In conclusion, there are 3 models in this part.
- Raw_BERT - un-finetuned raw BERT model with prompt
- Prompt_Uni - finetuned prompt model without switching the position of A and B
- Prompt_Bi - finetuned prompt model with switching the position of A and B
Table 2. Accuracy of prompt models
Model | Top 1 | Top 2 | Top 3 | Top 5 | Top 10 |
---|---|---|---|---|---|
Raw_BERT | 5.51% | 9.68% | 12.24% | 15.47% | 20.48% |
Prompt_Uni | 12.13% | 33.12% | 44.34% | 55.39% | 65.13% |
Prompt_Bi | 13.01% | 43.24% | 53.12% | 64.93% | 74.12% |
Fig 7. Accuracy of prompt models.
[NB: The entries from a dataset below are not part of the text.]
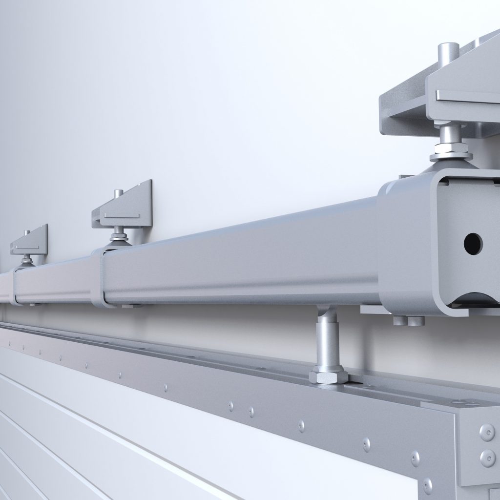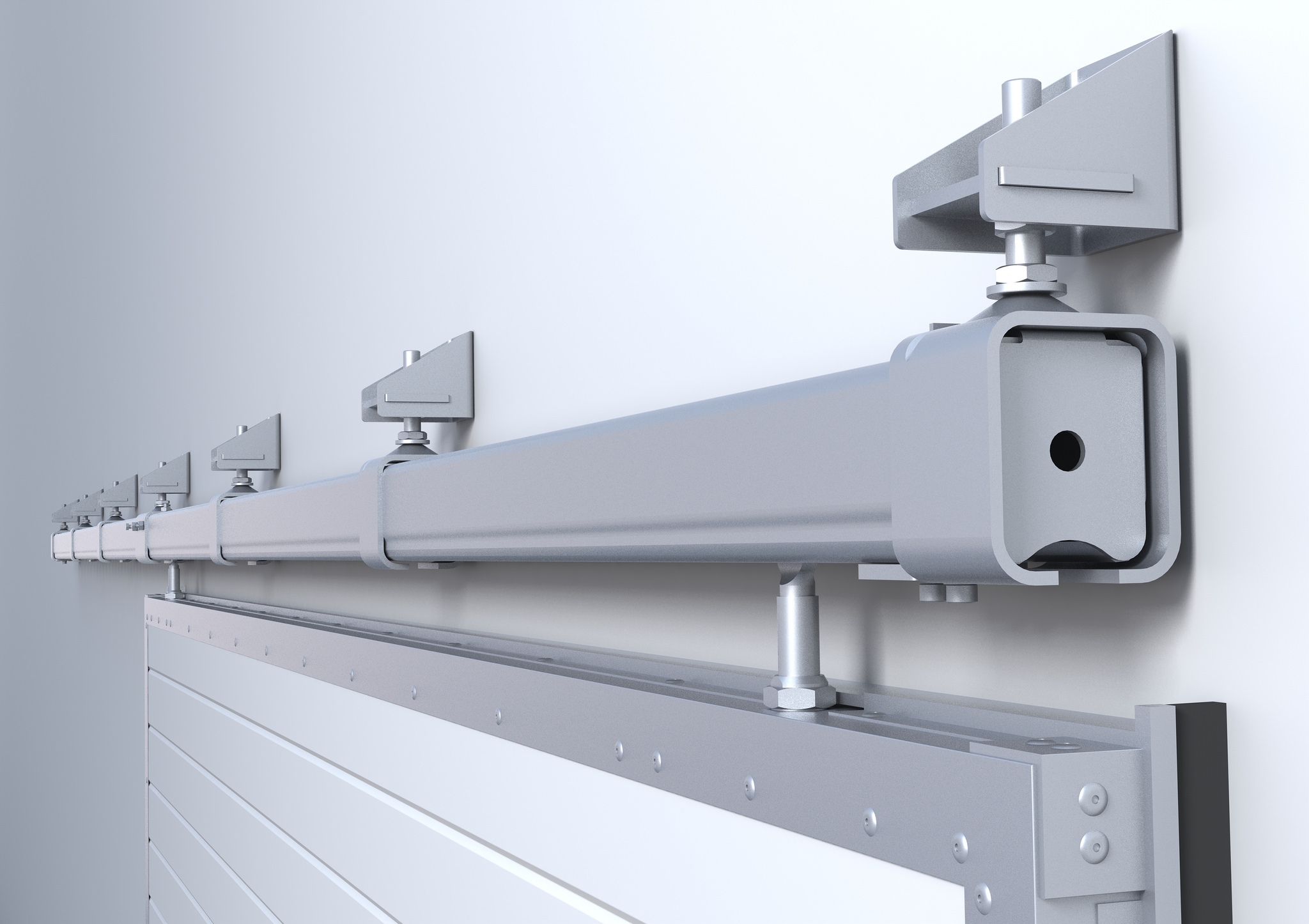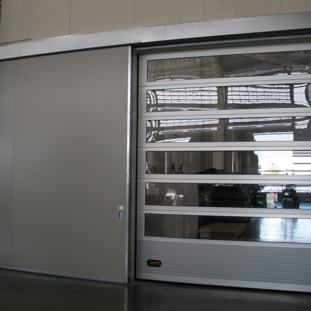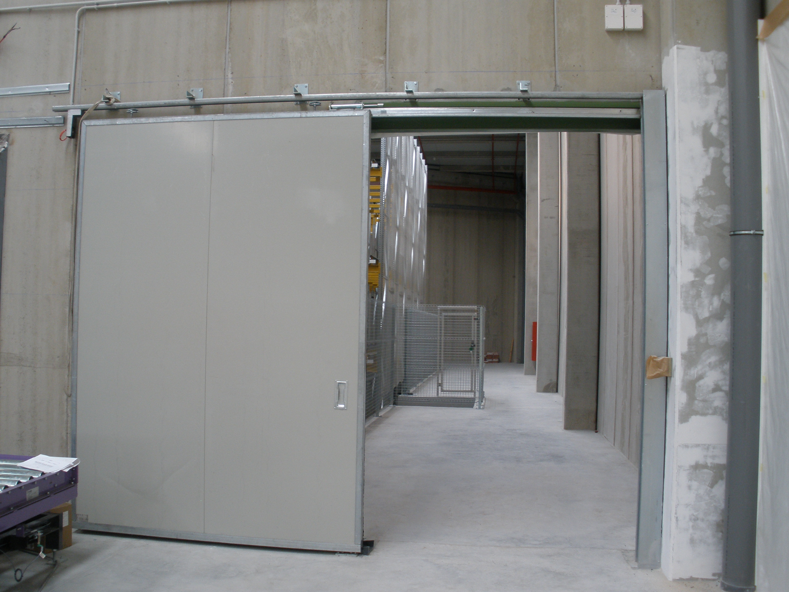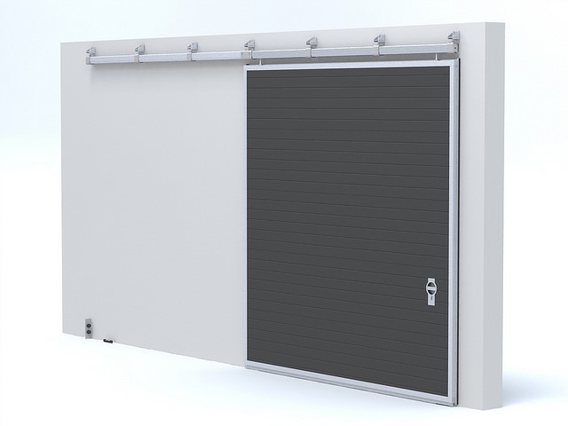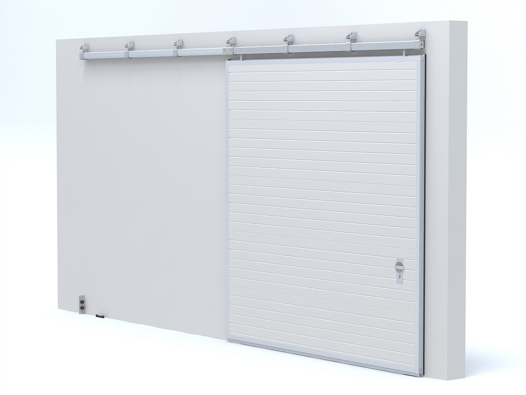 Industrie-Seitenschiebetore bestehen aus verzinkten Stahlpanels mit einer Dicke von 4 cm und einer Polyurethanfüllung, die als Isolierung dient. Das Tor ist als Einzelstück gefertigt und bewegt sich entlang der Wand, sowohl auf der Innen- als auch auf der Außenseite des Gebäudes.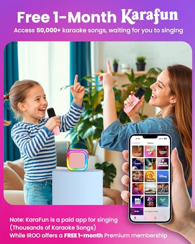 IROO - اي ار او او الة كاريوكي صغيرة للاطفال، افكار هدايا عيد الميلاد والكريسماس 2025 للبنات من سن 4 و5 و6 و7 و8 و9 و10 و12 سنة فما فوق، مشغل MP3 محمول مع 2 ميكروفون لاسلكي للحفلات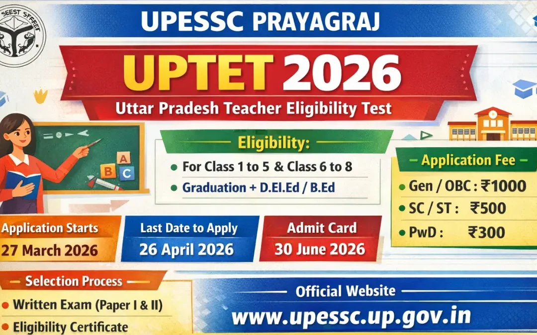 UPTET 2026 Notification: The Uttar Pradesh Education Service Selection Commission has released the official notification for UPTET 2026 through Advertisement No. 01/UPTET/2026. This exam is conducted for candidates who want to become teachers for Classes 1 to 8 in Uttar Pradesh schools.
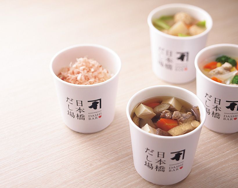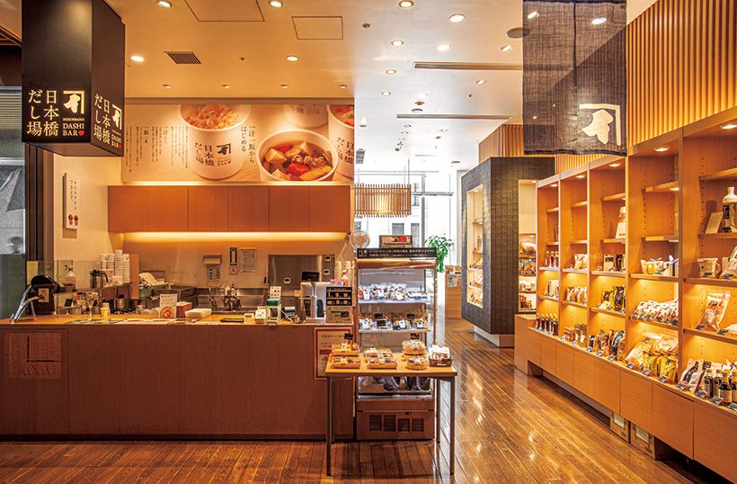関東のだし文化を継承初代髙津伊兵衛が戸板を並べて鰹節と干魚類を売り始め、5年後に鰹節問屋を開業。享保5(1720)年には、瀬戸物町(現在の日本橋室町)に鰹節の小売り店を構えた、歴史ある鰹節専門店です。“一汁一飯” がコンセプトの「日本橋だし場 本店」では、削りたての鰹節を使ったスープなどを手軽に堪能できます。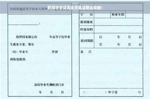 本文旨在为大家提供关于职高毕业证丢失后如何开具证明的全面指南,在面临类似问题时,希望大家能够保持冷静,积极寻找解决方案,确保自己的权益得到保障。

Check definition of accuracy here.
Below are some other metrics.
Model | N | Recall | F1 |
---|---|---|---|
Raw_BERT | 1 | 0.0275 | 0.0522 |
Prompt_Uni | 1 | 0.0587 | 0.1051 |
Prompt_Bi | 1 | 0.0662 | 0.117 |
Raw_BERT | 2 | 0.0484 | 0.0883 |
Prompt_Uni | 2 | 0.1661 | 0.2494 |
Prompt_Bi | 2 | 0.2101 | 0.2958 |
Raw_BERT | 3 | 0.0612 | 0.1091 |
Prompt_Uni | 3 | 0.2179 | 0.3035 |
Prompt_Bi | 3 | 0.2643 | 0.3458 |
Raw_BERT | 5 | 0.0774 | 0.134 |
Prompt_Uni | 5 | 0.2755 | 0.3552 |
Prompt_Bi | 5 | 0.3214 | 0.3913 |
Raw_BERT | 10 | 0.1024 | 0.17 |
Prompt_Uni | 10 | 0.3367 | 0.4024 |
Prompt_Bi | 10 | 0.3745 | 0.4283 |
Finally, let's see how those two kinds perform on the TOEFL® dataset.
We select 3 models to compare.
- Raw_BERT - un-finetuned raw BERT prompt model
- MultiOpt_KO - finetuned AutoModelForMultipleChoice model with
Keyword [SEP] Options
as input pattern - Prompt_Bi - finetuned prompt model with switching the position of A and B
These models all use the same test data, which means data where all phrases along with words that the tokenizer doesn't know are eliminated.
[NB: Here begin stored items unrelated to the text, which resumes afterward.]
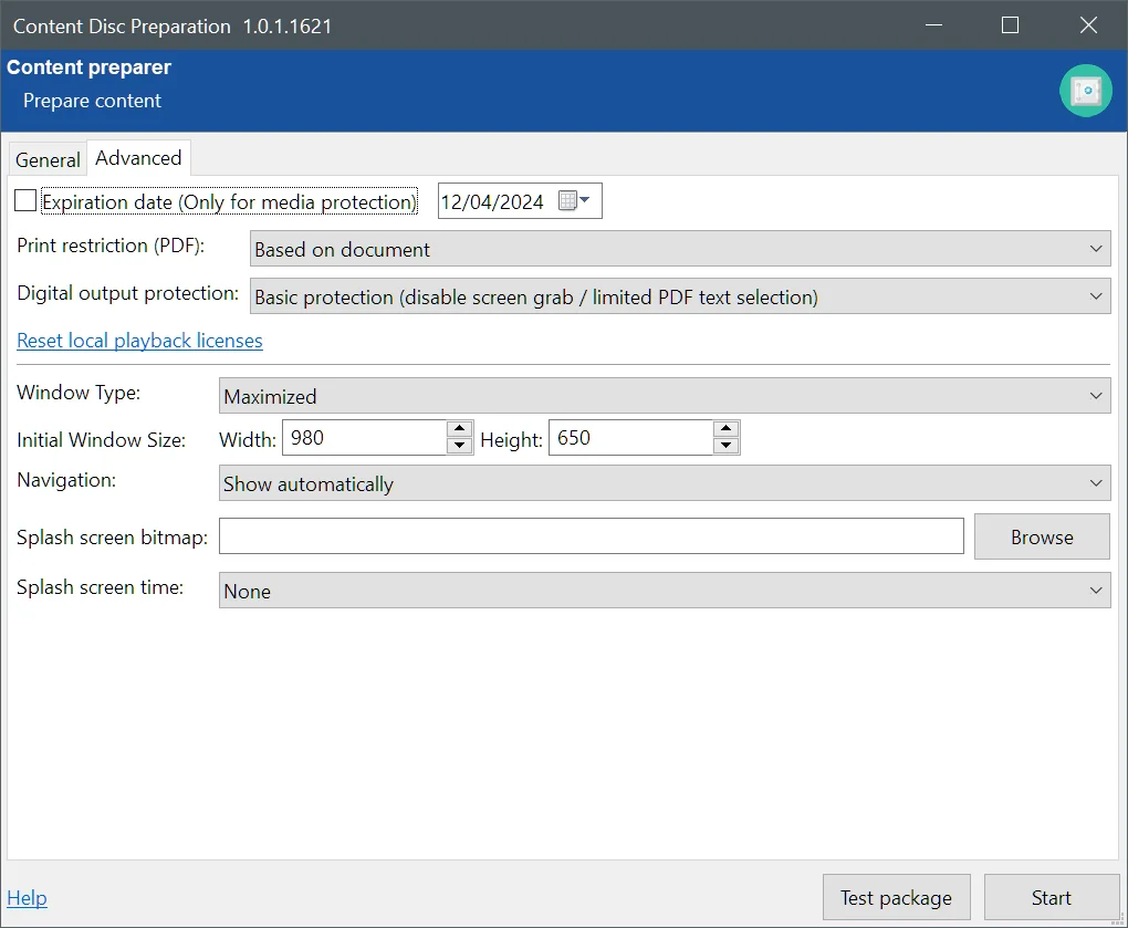 Before you start the process, you should use the "Test package" function to make sure your content behaves as it should. Once you click the button, the content will be built and displayed exactly the same way as it would from a USB stick.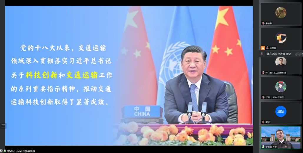 随后,乔宇以《这十年——交通科技自强之路》为题,从交通人的使命变化出发,将公路、铁路、水路和航空四种交通运输方式的变革串联起来,展示了所有交通人在交通科技自强的征程中不断奋斗拼搏,最终绘制成波澜壮阔的历史画卷,带领大家一步一步深入感悟习近平总书记关于科技创新和交通运输工作的系列重要指示精神。最后,乔宇鼓励大家承担起“与世界相交,与世界相通”的历史使命,点燃了大家“自胜者强”的奋斗激情。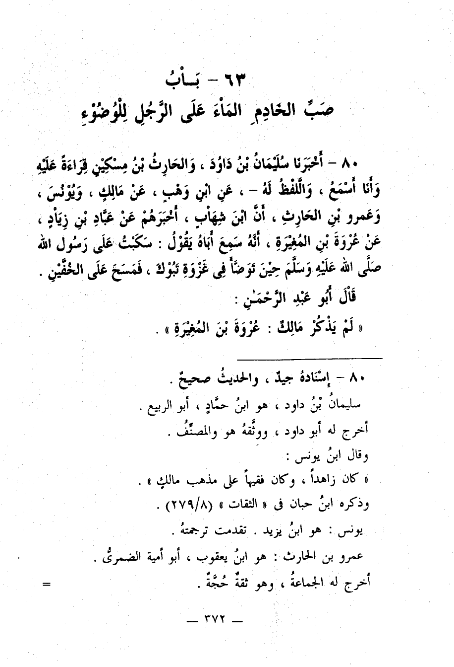 80 - أَخْبَرَنَا سُلَيْمَانُ بْنُ دَاوُدَ وَالْحَارِثُ بْنُ مِسْكِينٍ قِرَاءَةً عَلَيْهِ وَأَنَا أَسْمَعُ - وَاللَّفْظُ لَهُ - عَنِ ابْنِ وَهْبٍ عَنْ مَالِكٍ وَيُونُسَ وَعَمْرِو بْنِ الْحَارِثِ أَنَّ ابْنَ شِهَابٍ أَخْبَرَهُمْ عَنْ عَبَّادِ بْنِ زِيَادٍ عَنْ عُرْوَةَ بْنِ الْمُغِيرَةِ أَنَّهُ سَمِعَ أَبَاهُ يَقُولُ سَكَبْتُ عَلَى رَسُولِ اللَّهِ -صلى الله عليه وسلم- حِينَ تَوَضَّأَ فِى غَزْوَةِ تَبُوكَ فَمَسَحَ عَلَى الْخُفَّيْنِ. قَالَ أَبُو عَبْدِ الرَّحْمَنِ لَمْ يَذْكُرْ مَالِكٌ عُرْوَةَ بْنَ الْمُغِيرَةِ.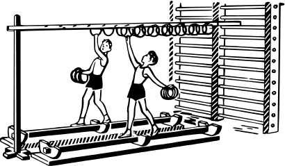 На шест или доску длиной 3—3,5 мс двух сторон набить гвозди. Расстояние между ними 20 см. Один конец шеста (доски) закреплен на рейке гимнастической стенки, другой — на прыжковой стойке. Высота зависит от роста учащихся. Слева и справа от шеста поставить гимнастические скамейки рейками вверх.

Table 3 and Figure 2 show how these models perform on the TOEFL® dataset.
Table 3. Metrics of 3 final models
Model | Accuracy | Precision | Recall | F1 | AP |
---|---|---|---|---|---|
Raw_BERT | 40.88% | 0.4034 | 0.4066 | 0.4041 | 0.5956 |
MultiOpt_KO | 73.18% | 0.7385 | 0.7217 | 0.7341 | 0.8894 |
Prompt_Bi | 89.69% | 0.9035 | 0.8977 | 0.9020 | 0.9683 |
🤗 transformers==4.10.1
🤗 datasets==1.12.1
nltk==3.6.3
- src/MultiOpt_CKO.py: Trainer for MultiOpt_CKO model.
- src/MultiOpt_KO.py: Trainer for MultiOpt_KO model.
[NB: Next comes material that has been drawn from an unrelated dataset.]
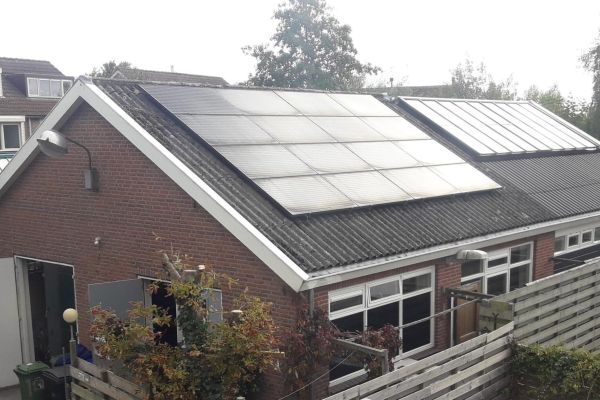 Woning is een voormalige werkplaats. Lichtstraat in het dak. 32 zonnepanelen. Geen gas. Warmtepomp. Pelletkachel.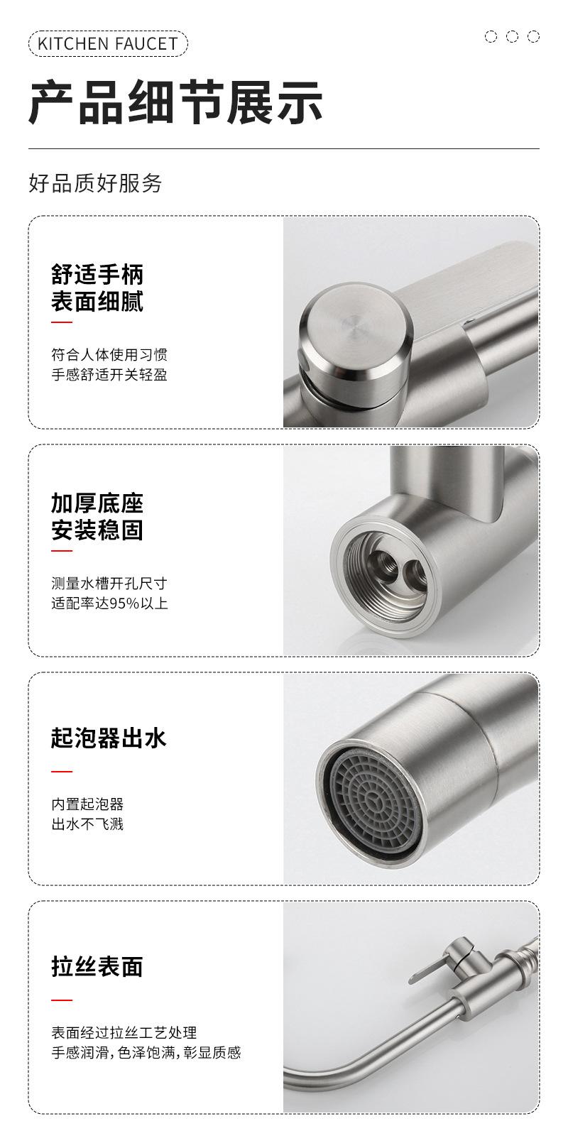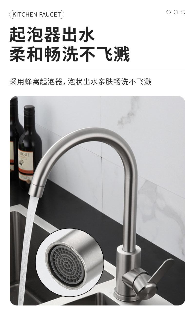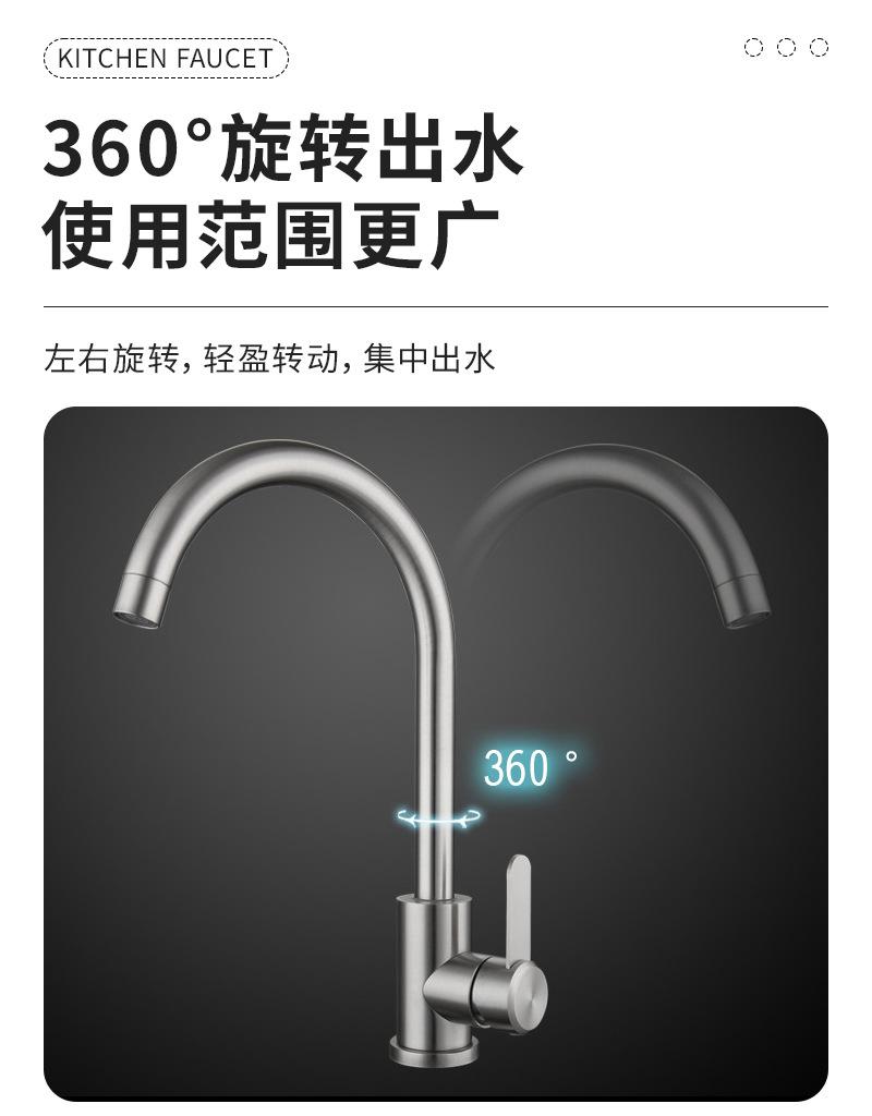 Grifo de Cocina Grueso de Acero Inoxidable 304 Transfronterizo para Fregadero Doméstico, Grifo Giratorio de Agua Fría y Caliente

- src/MultiOpt_KsOs.py: Trainer for MultiOpt_KsOs model.
- src/MultiOpt_KO_PickVal.py: Trainer for MultiOpt_KO model but with test data for final comparison (others are train data).
- src/Prompt_Uni.py: Trainer for Prompt_Uni model.
- src/Prompt_Bi.py: Trainer for Prompt_Bi model.
- src/Prompt_Bi.ipynb: Notebook for a example of training the Prompt_Bi model.